Pop-up message after submitting a form with php

Question

I'm trying to get a pop-up message saying if it was successfully submitted or not without having to go to a different page.

Now chrome gives me the pop-up message but it redirects me to a blank page after.

Here is my current code.

<?php
include "header.php";
include "conexao.php";
echo "<h1 align='center'>Pagina para alterar produtos</h1><div class='container'><hr>";
$referencia=$_GET['id'];


$sql = "SELECT * ";
        $sql = $sql . " FROM tb_produto ";
        $sql = $sql . " WHERE pr_codigo='".$referencia."'";
        $produtos = $db->query($sql);
        foreach ($produtos as $produto) {
            $referencia = $produto["pr_codigo"];
            $nome = $produto["pr_descricao"];
            $preco = $produto["pr_preco"];
            $disponivel = $produto["disponivel"];
        }
        echo "<h2>Referencia: ".$referencia."</h2>";
        echo "<h2>Nome: ".$nome."</h2><hr>";

?>
<form action="confirmaAlterar.php">
<div class="form-group">
<label>Referencia</label>
    <input class="form-control" type="text" name="referencia" value="<?php echo $referencia?>">
</div>
<div class="form-group">
<label>Nome</label>
    <input class="form-control" type="text" name="nome" value="<?php echo $nome?>">
</div>
<div class="form-group">
<label>Preço</label>
    <input class="form-control" type="text" name="preco" value="<?php echo $preco?>">
</div>
<button class="btn btn-primary">Alterar</button>
</form>

Here is where it submits the information of the form.

<?php
include "header.php";
include "conexao.php";
$nome=$_GET['nome'];
$referencia=$_GET['referencia'];
$preco=$_GET['preco'];
$sql="UPDATE tb_produto SET pr_descricao='".$nome;
$sql.="', pr_preco=".$preco;
$sql.= " WHERE pr_codigo='".$
try{
    $comando=$db->prepare($sql);
    $comando->execute();
    echo "<script type='text/javascript'>alert('submitted successfully!')</script>";
    header( "refresh2;Location:index.php" );
}
catch (PDOException $e){
    echo "A";
}

Answer 1

To pass values using ajax. Form:

<form id="form">
<input type="text" value="test" name="akcija"> 
</form>

All inputs fields values in your form will be passed.

Ajax:

jQuery(function(){
$('#form').on('submit', function (e) { //on submit function
    e.preventDefault();
    $.ajax({
      type: 'post', //method POST
      url: 'yoururl.php', //URL of page where u place query and passing values
      data: $('#form').serialize(), //seriallize is passing all inputs values of form
      success: function(){ //on success function
              $("#input").attr("disabled", true); //example
              $("#input").removeClass('btn-primary').addClass('btn-success');//example
                  },
    });
}
});

And on the ajax page you can get values by

$akcija = $_POST['akcija']

Answer 2

for this Problem you must use ajax method .

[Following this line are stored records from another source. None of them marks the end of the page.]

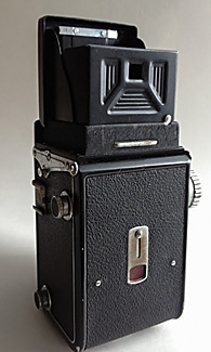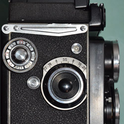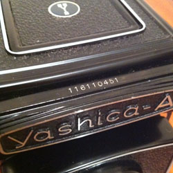 Although released first, basically, an early Yashica A without the hood emblem and film speed reminder on the film winding knob and the red window on the back turned sideways. The reason for the sideways window is that it is the only Yashica 6x6 that can shoot 6x4.5. The sideways window is in fact two windows side by side; the left engraved “6x6” and the right “6x4.5”. This takes advantage of the two sets of numbers on 120 film and allows 15 frames of 6 cm x 4.5 cm instead of the standard 6 cm x 6cm.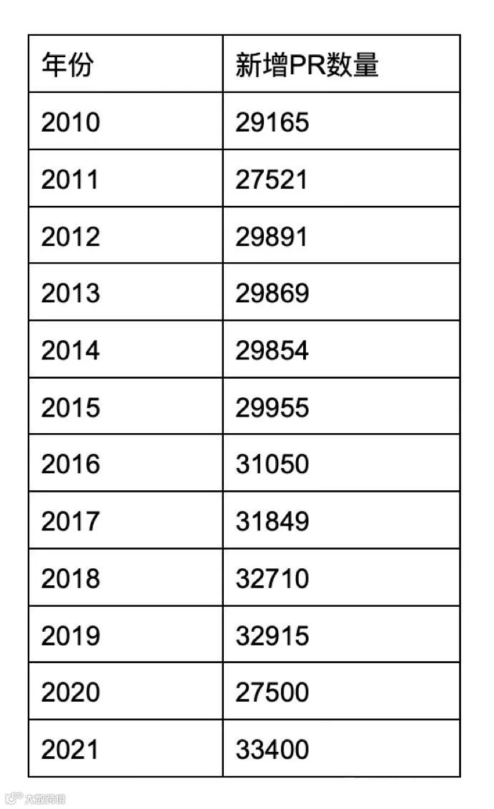 据了解,33400的PR数量创下了自2010年12年来的最高数量。同比之下,21500的新增外来公民数量则是有所下降。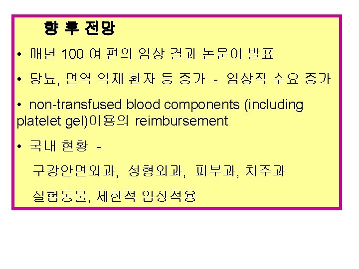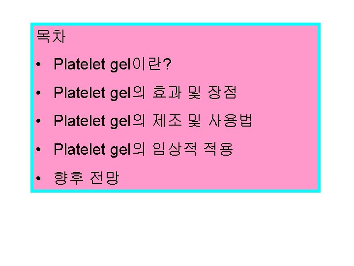 Platelet gel의 임상적 적용 Orthopaedic Surgery: Total Joint Replacement (Hips/Knees) Spinal Fusion Laminectomy Fractures, Non-Union/Bony Defects Oral Surgery, Peridontal, Dental Implant Surgery: Mandibular Reconstruction/Bone Grafts Le. Fort Fractures (Guerin's Fracture) Sinus Lifts/Naso-Alveolar Repair Dental Implants General Surgery: Hepatic Lobectomy/Wedge Pancreatic Surgery/Whipple Procedure Enterocutaneous Fistulas Mastectomy/Axillary Dissection Neurosurgery: Craniotomy Transphenoidal Hypophysectomy Pituitary Tumor Dural Repair LP Shunt/Cerebrospinal Fluid Leak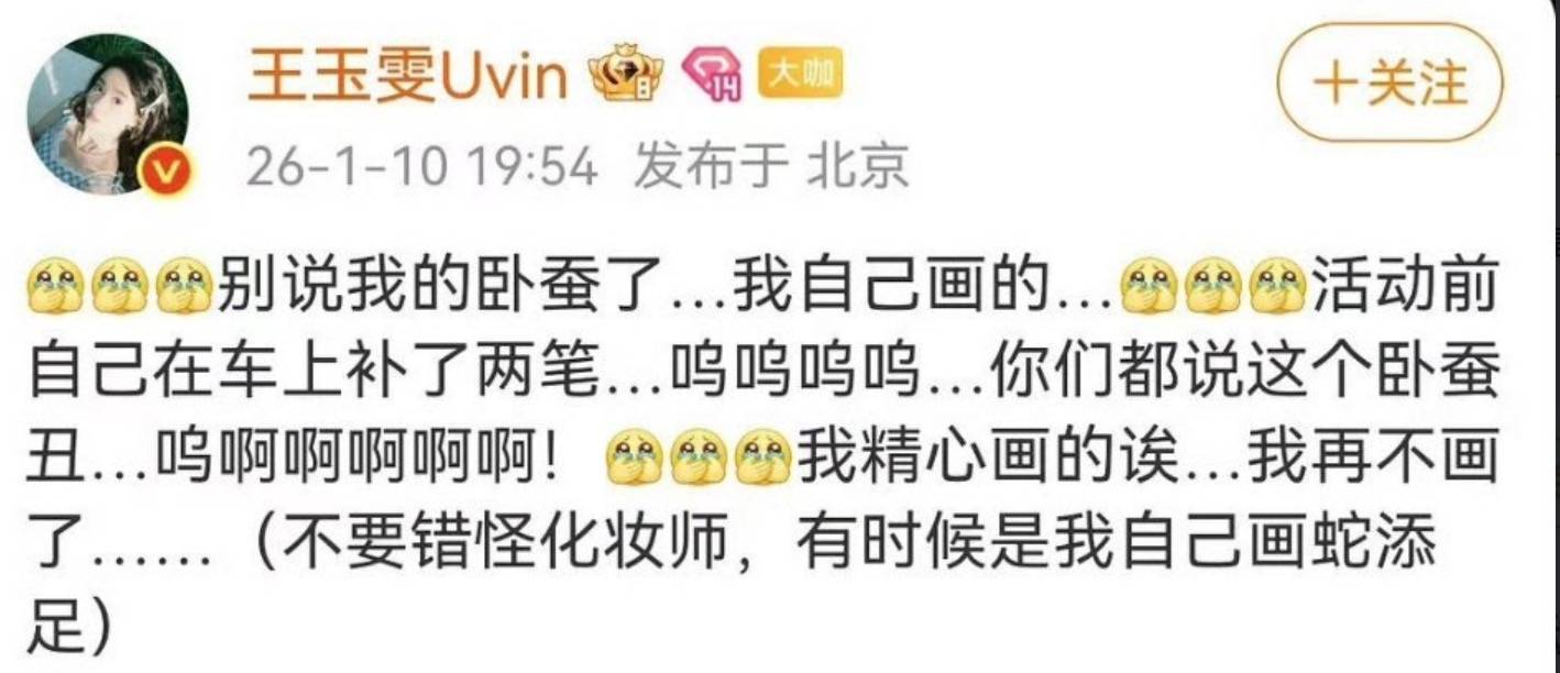 近日,在时尚活动中王玉雯的妆容因"突兀大卧蚕"被部分粉丝质疑。她发文表示这个卧蚕的妆容是自己的画的,并表示之后不会再画,她说:"卧蚕是我自己画的…你们都说丑…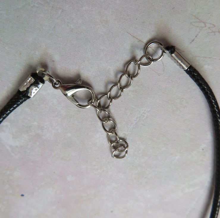 The pendant is strung on a thin black cotton braid choker string necklace, attached with a lobster clasp and extender chain.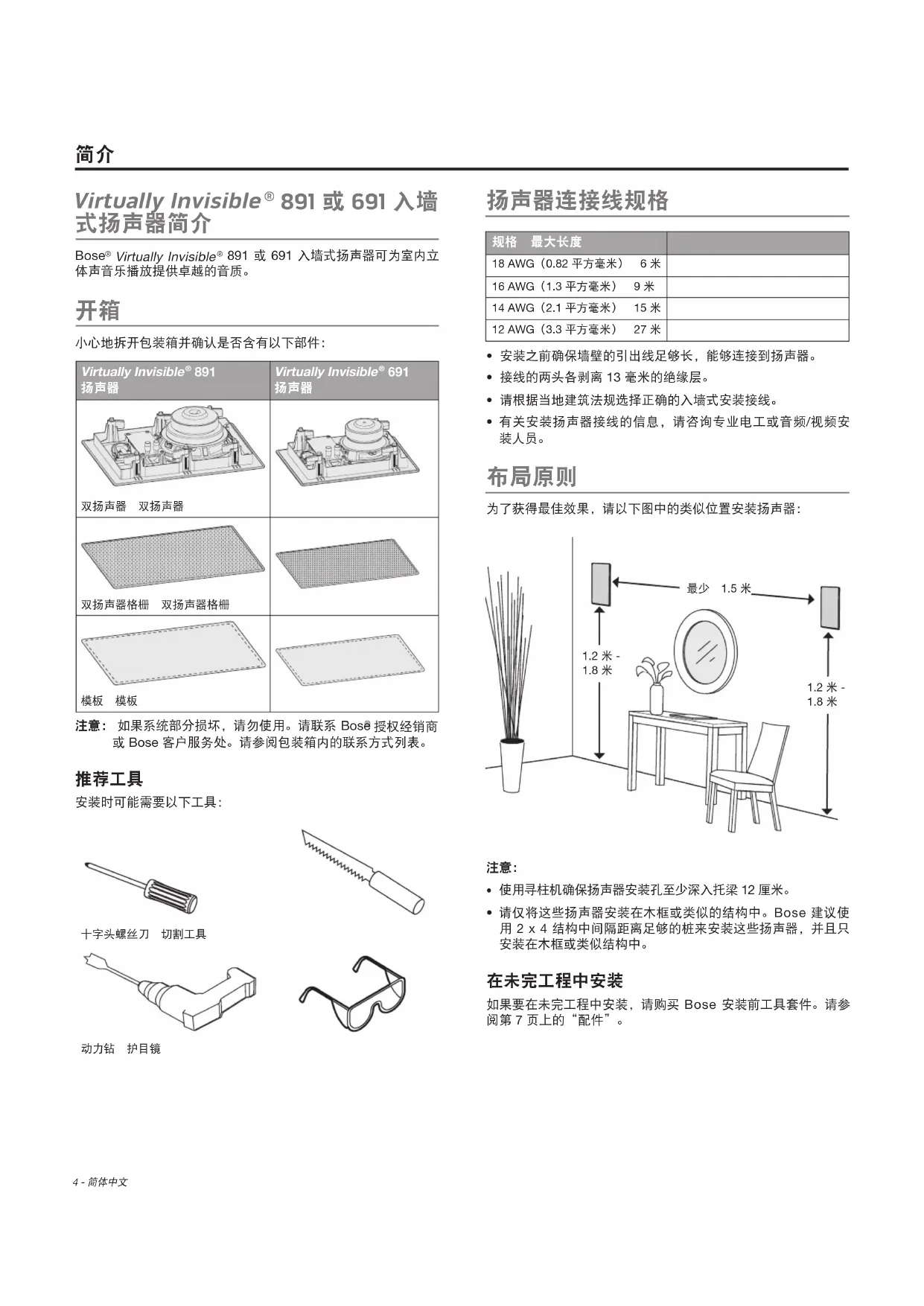 双扬声器 双扬声器双扬声器格栅 双扬声器格栅模板 模板注意: 如果系统部分损坏,请勿使用。请联系 Bose 授权经销商或 Bose 客户服务处。请参阅包装箱内的联系方式列表。 安装时可能需要以下工具:十字头螺丝刀 切割工具动力钻 护目镜 规格 最大长度18 AWG(0.82 平方毫米) 6 米16 AWG(1.3 平方毫米) 9 米14 AWG(2.1 平方毫米) 15 米12 AWG(3.3 平方毫米) 27 米• 安装之前确保墙壁的引出线足够长,能够连接到扬声器。• 接线的两头各剥离 13 毫米的绝缘层。• 请根据当地建筑法规选择正确的入墙式安装接线。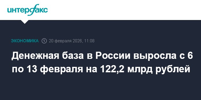 Денежная база в России выросла с 6 по 13 февраля на 122,2 млрд рублей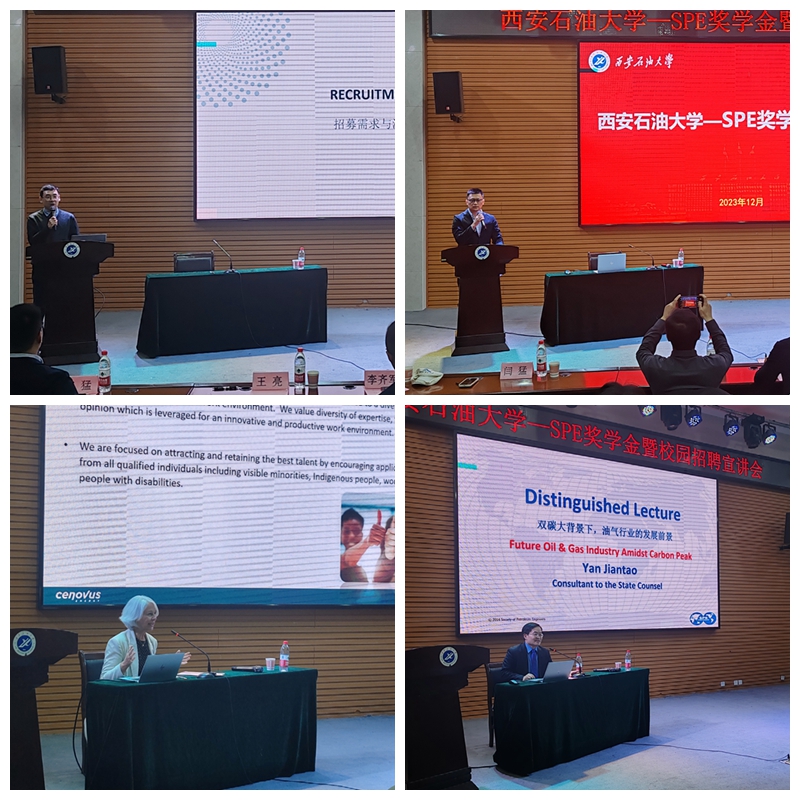 SPE南海分會委員魯申衛(wèi),CENOVUS公司中國區(qū)人力資源經(jīng)理陳芳、人力資源主管劉輝、人力資源分析師柳曼;我校相關(guān)學(xué)院負(fù)責(zé)人及200余名學(xué)生代表參加相關(guān)活動。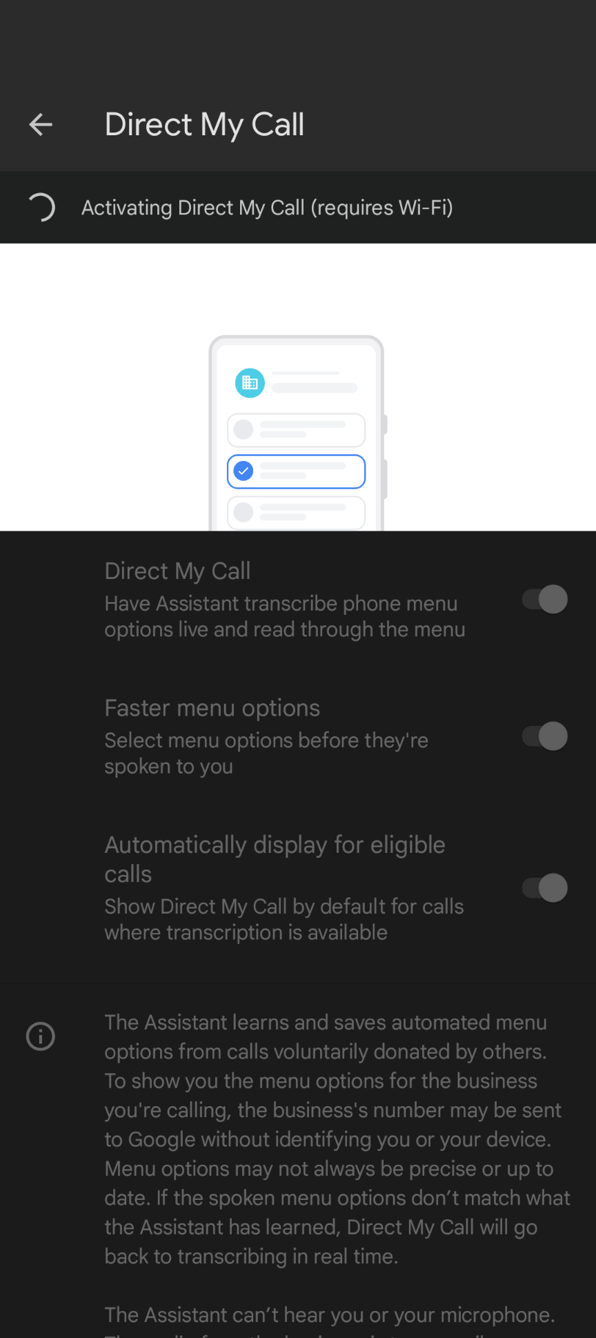 It works for me, try force closingthe phone app and reopening, or restartingAnyone else in the UK not able to get direct my call working? It's just sits "activating" in the settings.
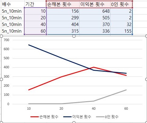 그리고 나서 위 스크린샷에서 볼 수 있듯이 손해를 본 횟수가 처음부터 이익을 본 횟수보다 더 많으며, 20기간 넘어서는 거래량이 전혀 없는 0인 경우가 점점 더 많아진다는 것을 알 수 있었습니다.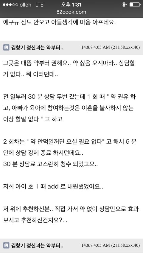 거기에, 알고보니 보험기록에 거의 중증환자처럼 끔찍한 병명을 붙여놓았습니다. 세상에 누구나 세상살면서 한번쯤 위로받고 싶은 마음이 김창기씨의 병원에서, 치욕스런 병명들로 보험에 기록될 줄은 몰랐습니다. 더욱이 화가 나는것은, 우리가 병원에 가면 감기면 감기라는 병명을 진단 받고 알게 된 후 약을 받든지 치료를 받습니다. 그런데 저는 '그러셨습니까, 힘드셨겠네요. 다음에 또 오셔서 상담받으세요.' 가 다입니다. 그리곤 약을 강제로 처방합니다. 약을 처방하는 이유도 일방적입니다. 먹고 싶지 않다고 해도 처방합니다.

1- create html form and all input Required .

<form id="contactForm2" action="/your_url" method="post">
...
</form>

2- add jQuery library file in the head of html page .

<head>
<script src="https://ajax.googleapis.com/ajax/libs/jquery/1.12.4/jquery.min.js">       
</script>
...

3- add this method Under the jQuery library

<script type="text/javascript">
var frm = $('#contactForm2');
frm.submit(function (ev) {
    $.ajax({
        type: frm.attr('method'),
        url: frm.attr('action'),
        data: frm.serialize(),
        success: function (data) {
           if(data == 'pass')
            alert('ok');
           else(data == 'fail')
            alert('no');
        }
    });

    ev.preventDefault();
});
</script>

4- in your_url .php file

<?php 

  $a = ok ;
  if( $a == 'ok' ){
    echo 'pass';
  }else{
    echo 'fail';
  } 

?>

this top answer is easy management form with jquery , but you need managment Complex form better use this library http://jquery.malsup.com/form/